Junting Chen, Siang Chen, Zhengbang Zhu, Minghuan Liu, Lin Shao
As embodied AI evolves, enabling agents to seamlessly operate in real-world, dynamic environments requires addressing complex challenges in perception, adaptation, and interaction. Unlike traditional AI models, embodied agents engage with physical spaces, necessitating resilient sensory processing and context-aware decision-making. This workshop seeks to advance these capabilities, focusing on perception-action loops and adaptive strategies that empower AI systems to handle unpredictable environments. Our aim is to bring together experts from robotics, multi-agent systems, and cognitive science to discuss foundational research and applications in areas like autonomous systems and collaborative robotics. By fostering cross-disciplinary insights, the workshop will spotlight innovations that accelerate embodied AI's practical impact.
Yun Lin, Weinan Zhang
The emergence of language model changes the way of how we program. In the long run, programmers will write, edit, test, debug, and repair code with code agents. This workshops covers the cutting-edge topic on how AI and software engineering research is developed to generate, edit, test, and repair the code.
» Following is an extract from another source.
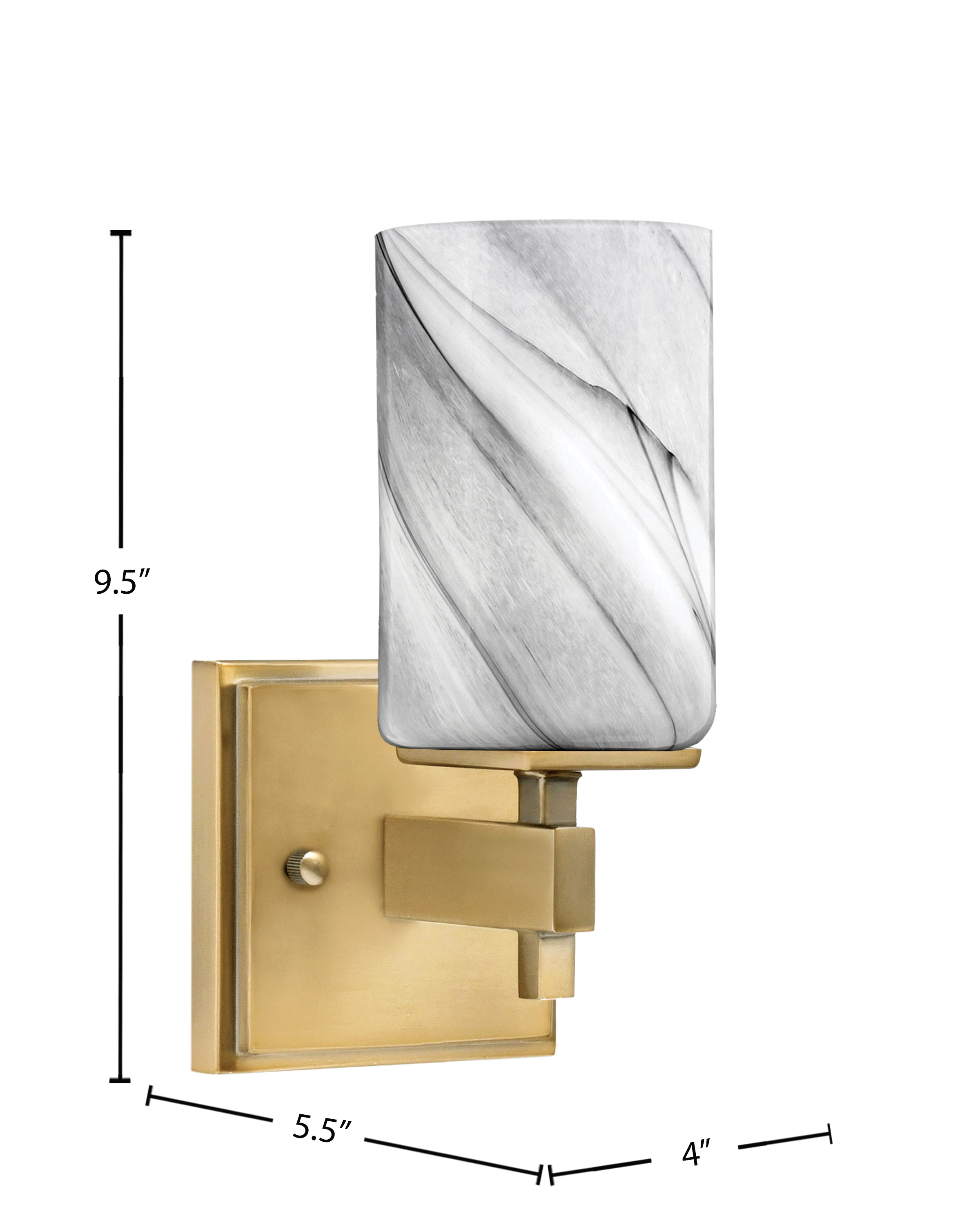 Add a touch of sophistication and artistry with the Corbin Wall Sconce, featuring a 4″ onyx swirl glass shade. The dynamic swirling patterns within the glass create a mesmerizing visual effect, while the deep tones of the onyx glass cast a soft, ambient glow. Finished in modern New Age brass, this sconce brings a bold yet refined presence to any room.

By walking through all techniques to automate programmers' work, we aim to forsee how auto-programming techniques can advance our life in the upcoming 5-10 years.
Lei Yuan, Jianhong Wang
This workshop delves into the dynamic and complex world of multi-agent systems (MAS) operating in challenging environments, where solutions may involve multi-agent reinforcement learning (MARL) or other advanced techniques. Participants are invited to share case studies and real-world applications, showcasing how MAS can drive innovation in areas like embodied agents, autonomous vehicles, robotics, and more.